- Specialty: Neurology, Psychiatry

= Dynamic aphasia =

Language disorder

Dynamic aphasia is a type of aphasia characterized by difficulty or inability to produce spontaneous speech. Despite this, patients usually retain the ability to name objects, understand speech, and form sentences with proper grammar. It is considered a type of transcortical motor aphasia.

==Signs and symptoms==
Spontaneous production of propositional speech in dynamic aphasia is seriously impaired. Patients will not usually spontaneously initiate conversation. However, they will initiate other activities, which distinguishes dynamic aphasia from apathy. They are also able to answer questions with constrained answers and participate in conversation with substantial external support.

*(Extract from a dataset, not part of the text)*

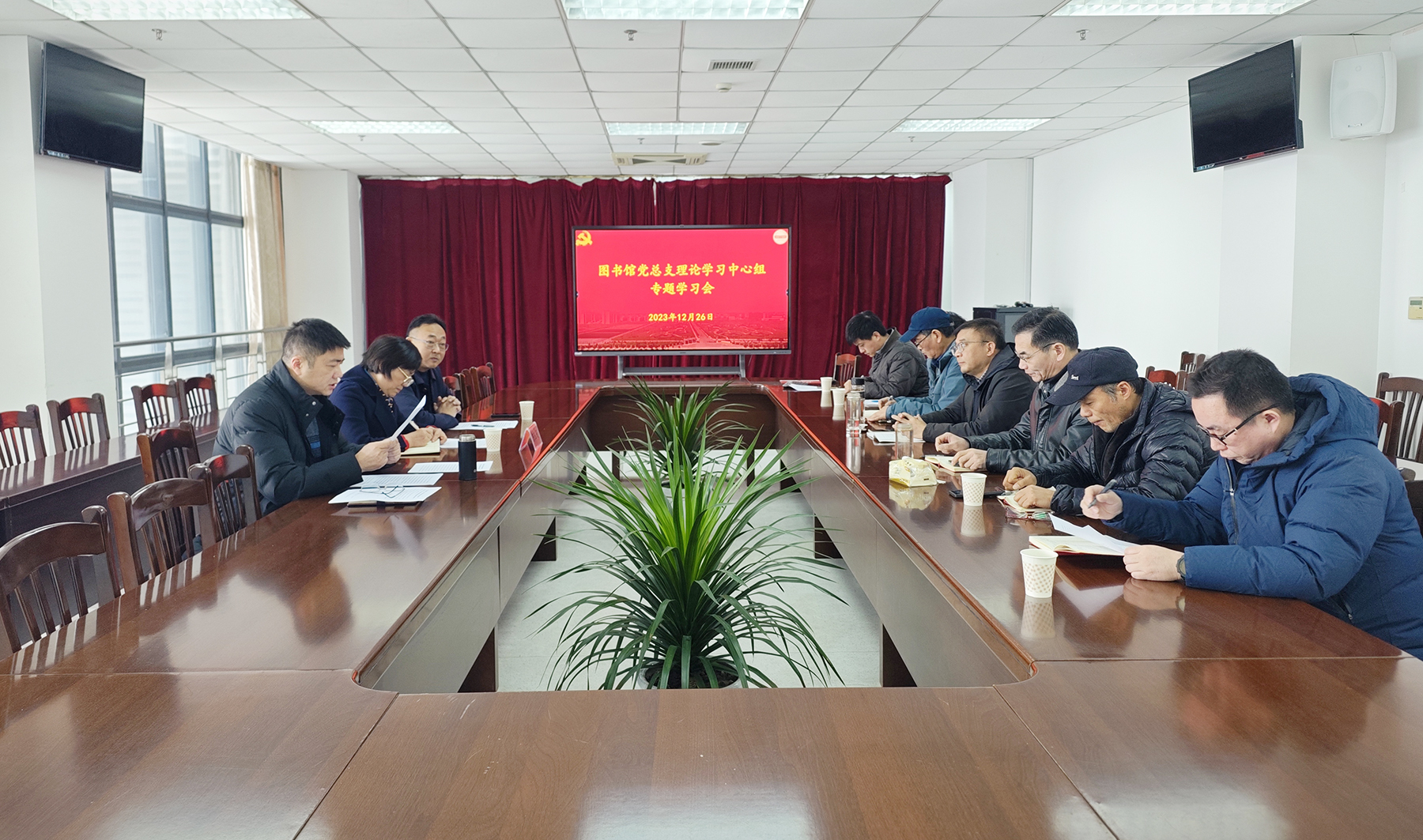 图书馆党总支理论学习中心组全体成员参加会议。

Diagnosis of dynamic aphasia is based on cognitive testing such as the Hayling Sentence Completion Test.
Word retrieval, spelling, grammar, word repetition, and comprehension of language are typically preserved.

==Causes==
Damage to the left frontal lobe is typically implicated in dynamic aphasia. In addition, there may be a subset of more severely impaired dynamic aphasia patients with bilateral frontal lobe damage coupled with extreme difficulty in producing novel thoughts.

The frontal lobe damage that causes dynamic aphasia is most commonly due to a stroke, but can also be due to progressive supranuclear palsy or frontotemporal dementia. The progranulin gene is implicated in frontotemporal dementia with dynamic aphasia.

Rarely, cases may involve damage to the thalamus rather than the frontal lobe.